# User Permission EncodingMarch 21, 2006 7:03 AM   Subscribe

Managing User Permissions: I'm reworking an existing system that has a fairly granular permission system and am looking to make it easier to use. At the risk of sounding like a complete clown1, I've recently seen at least one OS permission system where permissions are encoded with ids that are (I think) all powers of 2, which allows the system to discern whether a user has access to a given permission from the sum of the user's permission ids. Can someone explain how this works?

My question is entirely based on how I perceived the system works, so the details may be different (and that would be useful to know). Because I don't even know how to talk about this in simple labels, it's hard to Google.

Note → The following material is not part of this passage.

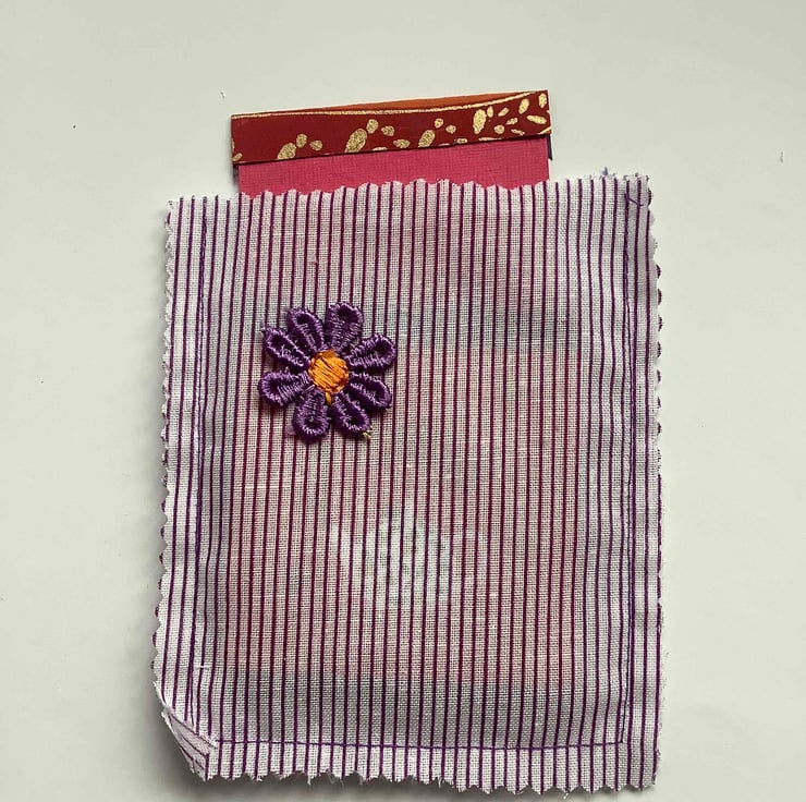 The cotton pouch is white with fine purple vertical lines.attached is a purple flower with an orange centre (teabag inside)

1. Vs. the sub-100% clown I normally sound like.
posted by yerfatma to Technology (16 answers total)

What OS are you talking about?
posted by popechunk at 7:07 AM on March 21, 2006

Response by poster: Oh, sorry, this isn't in an OS at all, I'm working on a web app, but I'd like to steal the idea. I'm guessing what I saw was Windows-related, probably on TheOldNewThing.
posted by yerfatma at 7:14 AM on March 21, 2006

posted by falconred at 7:17 AM on March 21, 2006

Best answer: I have no idea what OS or security model you are talking about. However, maybe the permissions are implemented using bitwise operations. That would be consistent with the whole "powers of 2" thing and is a pretty typical technique in C programming.

You have a set of bits: 10000110. Usually that is stored in an integer but you don't ever really care about the decimal value, just the bits. Using bitwise operations you can pick out individual bits through combinations of ORs, ANDs, and XORs.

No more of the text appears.